WORK TO COMPLETE: Your task is to print, exactly and only, the lines from the start of the entries below through the line with "TuS Empelde - 3. Platz.". Include both ends, but skip the pictures.
*** Opening DATASET ENTRIES ***
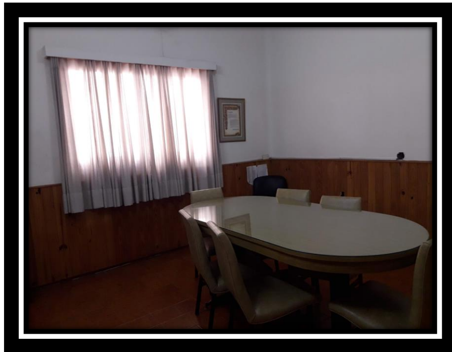
Vista de la oficina de la Comisión Directiva del Circulo
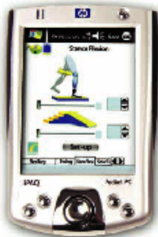
図7 立脚期と遊脚期での伸展の設定は路面(不整地か階段・坂)によって調節できる

スタンス・フレクション、スタンス・エクステンション、スイング・エクステンションの設定は、スロープ、階段、不整地のそれぞれで選択することができる。(図7)これらの機能を使用したことの無い装着者には、適切な専門家の指導や警告のもと、訓練が行われるべきである。
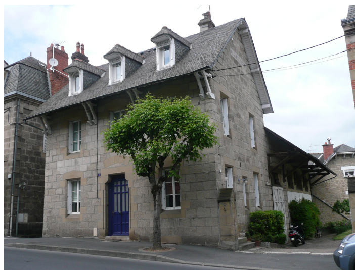
7 Boulevard Clémenceau fin XIXème siècle lucarnes meunières
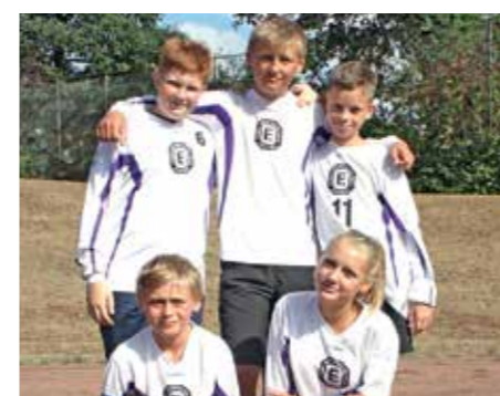
TuS Empelde - 3. Platz.
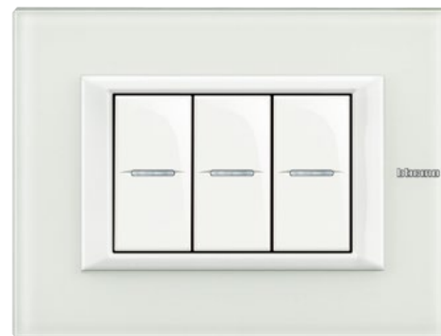
WHITE GLASS - VBB
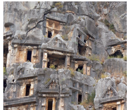
Фиг. 5. Скални гробници от древна Ликия
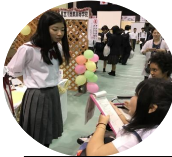
校外でのインタビュー
*** Closing DATASET ENTRIES ***
OUTPUT:
Vista de la oficina de la Comisión Directiva del Circulo
図7 立脚期と遊脚期での伸展の設定は路面(不整地か階段・坂)によって調節できる

スタンス・フレクション、スタンス・エクステンション、スイング・エクステンションの設定は、スロープ、階段、不整地のそれぞれで選択することができる。(図7)これらの機能を使用したことの無い装着者には、適切な専門家の指導や警告のもと、訓練が行われるべきである。
7 Boulevard Clémenceau fin XIXème siècle lucarnes meunières
TuS Empelde - 3. Platz.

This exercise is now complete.